XML encoding bzw. decoding klappt nicht.

Ich habe da ein Programm geschrieben. 

Mit einem Editor erstelle ich Sprachkurse bzw. Lektionen. Zur Repräsentation benutze ich XML und setze in meinem Programm den 

XMLOutputter auf encoding UTF-8 (also format.setEncoding("UTF-8"); ) 

Hab auch schon den output selbst modifiziert und den Stream auf UTF-8 gesetzt.

Wenn ich jetzt diese Datei mit meinem anderen Programm öffne, dass mir die Sprachkurse darstellt, bekomme ich nur Vierecke anstatt ä,ö,é, usw. Also alle Sondezeichen hauen nicht hin. Jetzt kommt das Kuriose. Wenn ich die Datei wieder mit dem Editor öffne, werden die Sonderzeichen dargestellt obwohl (und das ist das seltsame) ich die exakt selbe Klasse zum Lesen benutze. Ich bin schlicht und ergreifend am Verzweifeln was das angeht.

Das Programm kann man sich auf www.jlanguagelearn.com runterladen.

Mit dem Editor kann man bsp. eine Conjugation-Lesson erstellen. Die wird dann im Ordner storedLessons abgespeichert. Kopiert man diesen ertstellten Ordner nun in units und startet das andere Programm, dann kann man das oben geschilderte sehen. 

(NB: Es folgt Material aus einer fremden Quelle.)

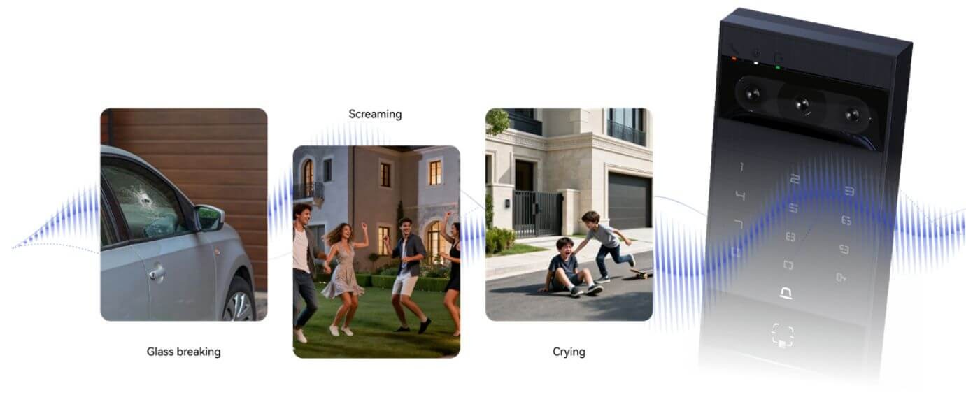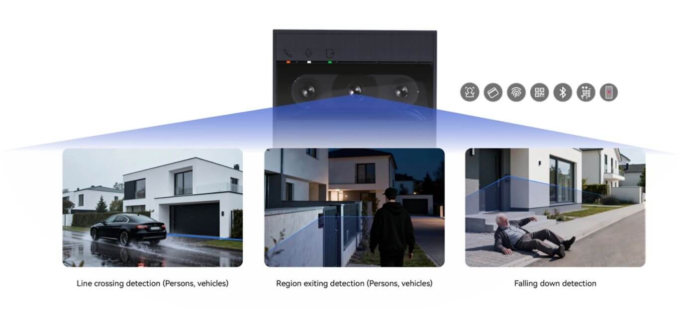 TalkVu evolves security from reactive to proactive protection. Multi-modal access control supports facial recognition, access cards, PIN codes, Bluetooth, QR codes, and mobile app authorization. Intelligent video analytics provide smart event detection including fall detection, line crossing, and region intrusion with instant alerts, while abnormal sound detection identifies screaming, glass breaking, and unusual sounds with immediate notifications. These layered features transform your intercom into an intelligent and proactive protection system.
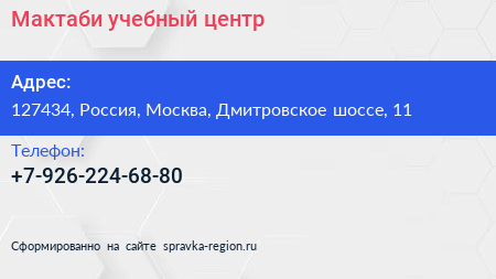 Мактаби, учебный центр по адресу 127434, Россия, Москва, Дмитровское шоссе, 11 в дальнейшем Организация, размещена в следующих категориях:

Vielleicht kann mir jemand dabei helfen. Ich stehe natürlich zur Rede und Antwort falls jemand genaueres wissen muss.


----------



## HoaX (4. Mrz 2008)

wieso so umständlich? gib uns was kurzes ausführbares wie dus versuchst ...


----------



## Murray (4. Mrz 2008)

Du schreibst also irgendwie eine Datei und öffnest sie in zwei verschiedenen Programmen, wobei der Code zum Einlesen der Datei in beiden Fällen der gleiche ist; trotzdem ist die Darstellung einmal richtig und einmal falsch - stimmt das soweit? Wenn das so ist (und bei beiden Programmen auch die sonstigen Randbedingung wie das Locale übereinstimmen), dann kann es wohl nicht am Lesen (und erst Recht nicht am Schreiben) liegen, sondern eher an der Darstellung. Wie erfolgt die denn?


----------